▸ **Required work**: Reproduce the entire listing exactly. Leave the pictures out.

Segment Start: Records shown

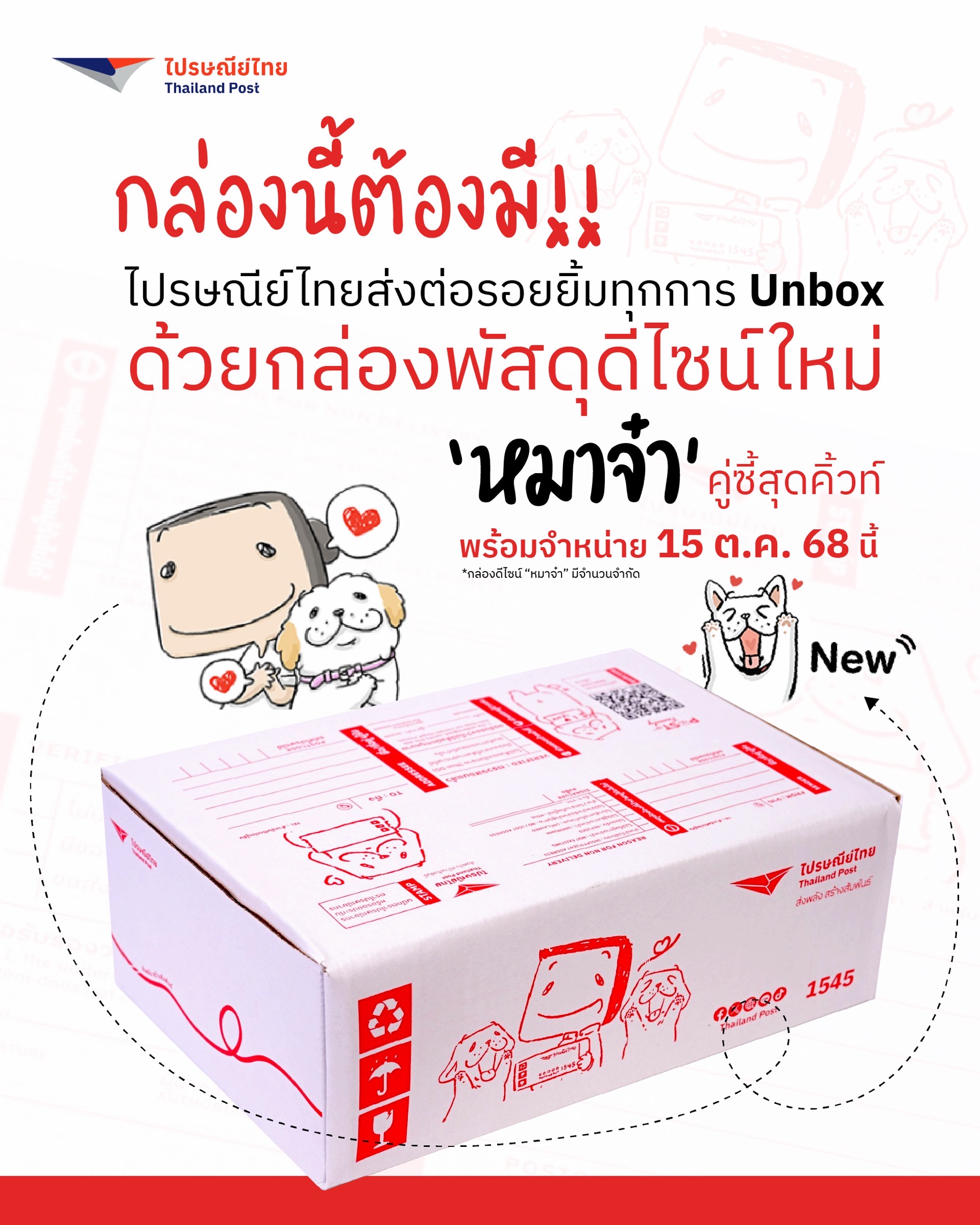 บริษัท ไปรษณีย์ไทย จำกัด เดินหน้าส่งต่อความสุขผ่านทุกการส่งพัสดุ เปิดตัวคอลแลบพิเศษกับเพจดัง “หมาจ๋า (Dogplease)” เจ้าของคาแรกเตอร์สุนัขแสนอบอุ่นขวัญใจโลกออนไลน์ สู่ผลงานดีไซน์สุดพิเศษ “กล่องไปรษณีย์ลายหมาจ๋า รุ่นลิมิเต็ด เอดิชัน” ภายใต้คอนเซปต์ “คู่หู คู่ซี้ Post & Paw Collection” ถ่ายทอดเรื่องราวแห่งมิตรภาพระหว่างพี่ไปรฯ กับเพื่อนซี้สี่ขา ที่อยู่เคียงข้างกันในทุกการเดินทางของพัสดุและทุกความรู้สึกที่ส่งถึงกัน
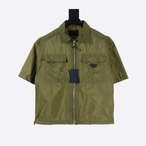 프라다 밀리터리 그린 쇼트 슬리브 라이트 리나일론 셔츠 > ★ Outer
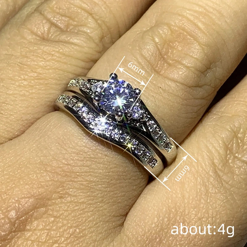 خاتم زفاف كلاسيكي مرصع بالزركون بستة مخالب على الطراز الأوروبي والأمريكي، خاتم فاخر خفيف الوزن، مناسب لجميع المناسبات، مرصع بالزركون بستة مخالب على الطراز الأوروبي والأمريكي
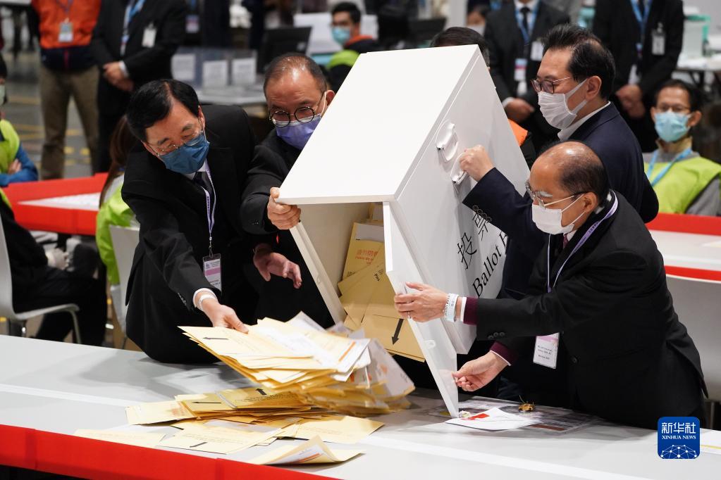 12月19日,香港特區選舉管理委員會(huì )主席馮驊(右二)打開(kāi)票箱。新華社記者 呂小煒 攝
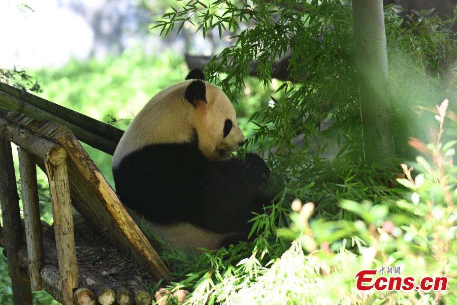 Giant panda Mao Zhu eats bamboo at Yunnan Wild Animal Park in Kunming, southwest China's Yunnan Province, July 26, 2022. Yunnan park held a birthday party for Mao Zhu on Tuesday. (Photo: China News Service/Li Jiaxian)
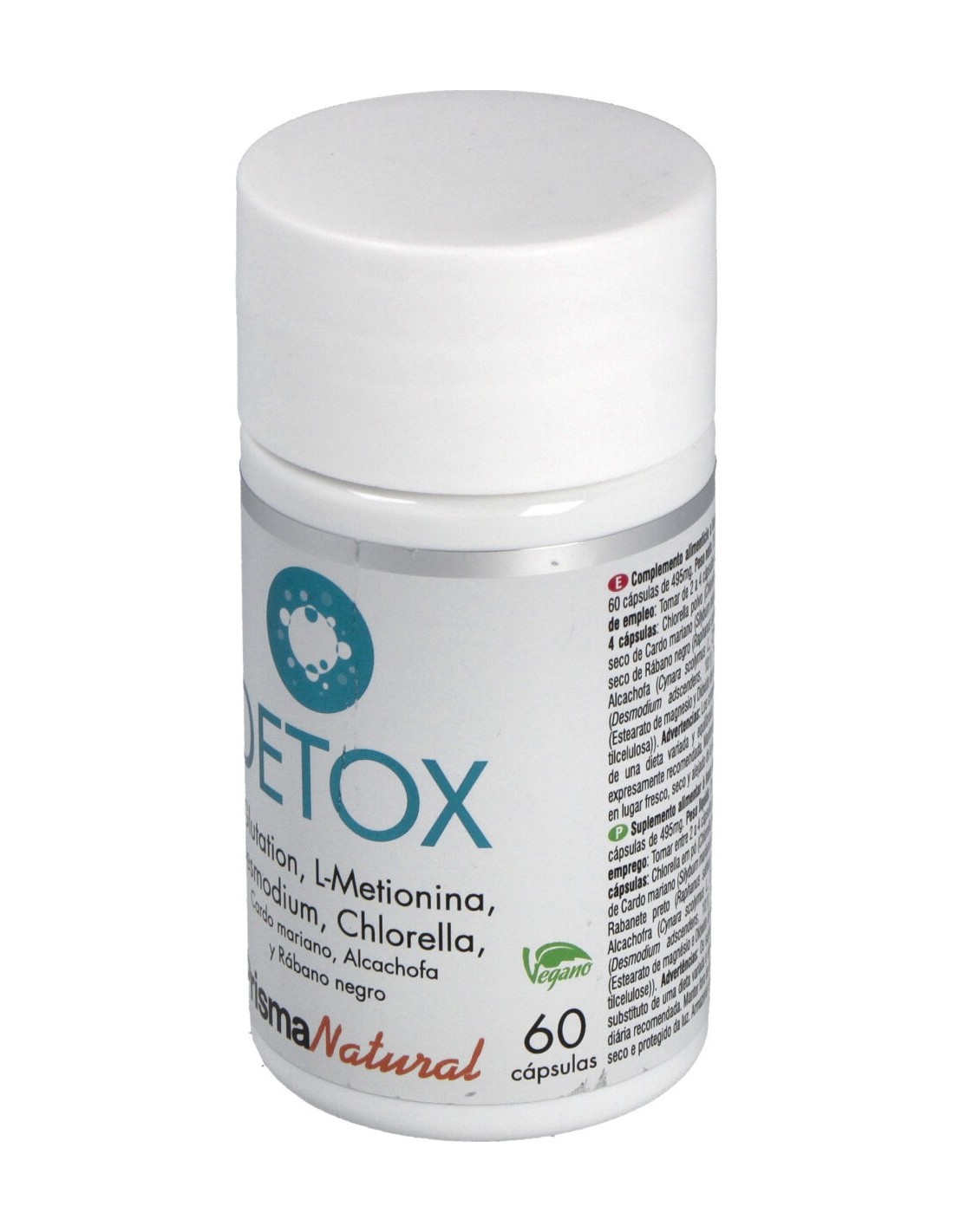 Por cápsula: Chlorella polvo: 79,05 mg L-Metionina: 79,05 mg Extracto seco de Cardo mariano: 47,43 mg Extracto seco de Rábano negro: 47,43 mg Extracto seco de Alcachofa: 39,53 mg Extracto seco de Desmodium: 39,53 mg L-Glutation: 39,53 mg
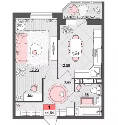 | Площадь, кв.м. | 44.64 |
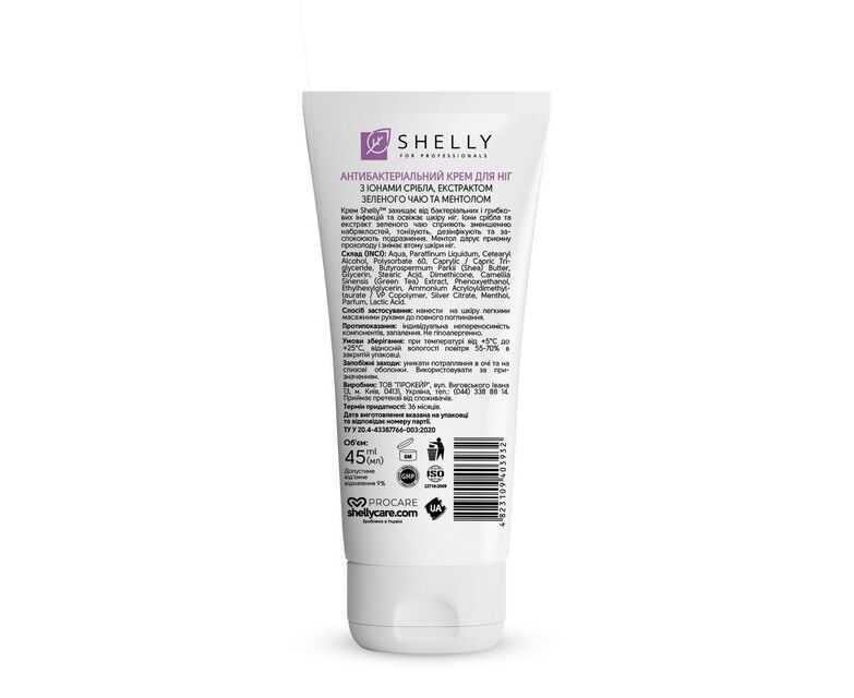 УЦІНКА /SHELLY. Antibacterial foot cream with silver ions, green tea extract and menthol, 45 ml. Антибактеріальний крем для ніг з іонами срібла, екстрактом зеленого чаю та ментолом

Segment End: Records shown

▸ **Exercise output**:
 บริษัท ไปรษณีย์ไทย จำกัด เดินหน้าส่งต่อความสุขผ่านทุกการส่งพัสดุ เปิดตัวคอลแลบพิเศษกับเพจดัง “หมาจ๋า (Dogplease)” เจ้าของคาแรกเตอร์สุนัขแสนอบอุ่นขวัญใจโลกออนไลน์ สู่ผลงานดีไซน์สุดพิเศษ “กล่องไปรษณีย์ลายหมาจ๋า รุ่นลิมิเต็ด เอดิชัน” ภายใต้คอนเซปต์ “คู่หู คู่ซี้ Post & Paw Collection” ถ่ายทอดเรื่องราวแห่งมิตรภาพระหว่างพี่ไปรฯ กับเพื่อนซี้สี่ขา ที่อยู่เคียงข้างกันในทุกการเดินทางของพัสดุและทุกความรู้สึกที่ส่งถึงกัน
 프라다 밀리터리 그린 쇼트 슬리브 라이트 리나일론 셔츠 > ★ Outer
 خاتم زفاف كلاسيكي مرصع بالزركون بستة مخالب على الطراز الأوروبي والأمريكي، خاتم فاخر خفيف الوزن، مناسب لجميع المناسبات، مرصع بالزركون بستة مخالب على الطراز الأوروبي والأمريكي
 12月19日,香港特區選舉管理委員會(huì )主席馮驊(右二)打開(kāi)票箱。新華社記者 呂小煒 攝
 Giant panda Mao Zhu eats bamboo at Yunnan Wild Animal Park in Kunming, southwest China's Yunnan Province, July 26, 2022. Yunnan park held a birthday party for Mao Zhu on Tuesday. (Photo: China News Service/Li Jiaxian)
 Por cápsula: Chlorella polvo: 79,05 mg L-Metionina: 79,05 mg Extracto seco de Cardo mariano: 47,43 mg Extracto seco de Rábano negro: 47,43 mg Extracto seco de Alcachofa: 39,53 mg Extracto seco de Desmodium: 39,53 mg L-Glutation: 39,53 mg
 | Площадь, кв.м. | 44.64 |
 УЦІНКА /SHELLY. Antibacterial foot cream with silver ions, green tea extract and menthol, 45 ml. Антибактеріальний крем для ніг з іонами срібла, екстрактом зеленого чаю та ментолом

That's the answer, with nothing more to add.